Título: A história se repete
Autor:
Fonte: Jornal do Brasil, 18/02/2005, Opinião, p. A10

Revoltado, como todos os cidadãos de bem deste país, com o brutal e covarde assassinato da freira Dorothy Stang, o presidente da Comissão Pastoral da Terra (CPT), dom Tomás Balduíno, vaticinou: a presença militar no Pará é bem-vinda neste momento, mas não resolve a situação perturbadora dos conflitos fundiários que incomodamente se perpetuam na região. ''As Forças Armadas são um paliativo, um cataplasma na ferida. É preciso ir à raiz do problema, que é o conflito de terra, a ausência do Estado e a falta de infra-estrutura'', afirmou dom Balduíno, comentando a decisão do Planalto de enviar o Exército - com apoio de aviões da FAB - para o Pará. A reclamação é justificável. Primeiro: o governo tem falhado na condução do processo de reforma da estrutura agrária do país. Mais: os órgãos oficiais responsáveis, como Incra e Ibama, não dispõem de condições suficientes para realizar as tarefas que lhes cabem. Não à toa a CPT pediu que o governo cumpra o artigo 51 das Disposições Transitórias da Constituição, que determina a revisão das doações, vendas e concessões de terras públicas no Brasil. Depois do assassinato de Stang, uma autoridade de Brasília afirmou, por exemplo, que o governo fará um levantamento da grilagem em terras do Pará, a fim de retomá-las e dar-lhes uso legal. Engano. É improvável que, com a atual estrutura, tal ação se concretize de fato.

No Brasil rural - e na Região Amazônica, em especial - a ausência do Estado irriga um campo sem lei onde a violência criminal golpeia implacavelmente a alma nacional. (Uma agressão, sublinhe-se, que não pertence mais somente às regiões agrestes, mas atinge as periferias urbanas.) E o mais grave: a impunidade tornou-se tão comum quanto a violência decorrente da leniência das autoridades, da lentidão da Justiça e da conivência das polícias com criminosos.

Não é demais afirmar: na morte da missionária pacifista, todos erraram: governo federal, governo estadual, Justiça e polícias. Nenhuma autoridade motivou-se a agir, mesmo diante dos sucessivos alertas emitidos pela própria freira, pelo Ministério Público, por sindicalistas e trabalhadores rurais. A inércia e a impunidade se têm repetido ano a ano, assim como os mesmos alertas e as mesmas palavras indignadas proferidos há vários anos diante de episódios semelhantes.
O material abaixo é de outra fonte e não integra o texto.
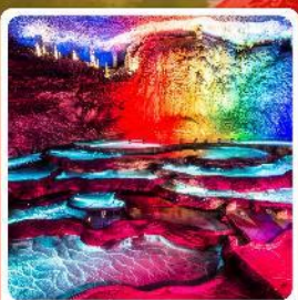
ถ้ำเก้าเทพ

Para usar o exemplo do Pará, tem-se uma lista extensa a citar: aos 19 trabalhadores sem-terra assassinados em abril de 1996, somem-se, por exemplo, o padre Ezechiele Ramiro e o presidente do Sindicato dos Trabalhadores Rurais de Rio Maria, João Canuto (1985); o padre Jósimo (1986); o deputado estadual Paulo Fonteles (1987); o deputado estadual João Carlos Batista (1988); os sindicalistas Brás de Oliveira e Ronan Boaventura (1990); o presidente do Sindicato dos Trabalhadores Rurais de Rio Maria, Expedito de Souza (1991). Desnecessário dizer mais. São inúteis outras referências para saber que muitos desses crimes estão impunes; ou que outras condenações só surgiram 15 anos depois. Em Anapu, três líderes rurais receberam novas ameaças. Espera-se agora que a apuração em curso não só encontre os assassinos, como investigue as autoridades que ignoraram os alertas.

Em 1988, foi a pressão internacional, combinada com a presença firme do então oposicionista Luiz Inácio Lula da Silva, que ajudou a apressar o julgamento dos assassinos do líder seringueiro Chico Mendes - um dos mais rápidos da Justiça brasileira. Dorothy morreu da mesma realidade. Lula agiu rápido, mas errou ao não comparecer ao enterro da irmã. Com tal gesto, pelo menos demonstraria simbolicamente que algo pode mudar no reino da anarquia fundiária e ecológica da Amazônia.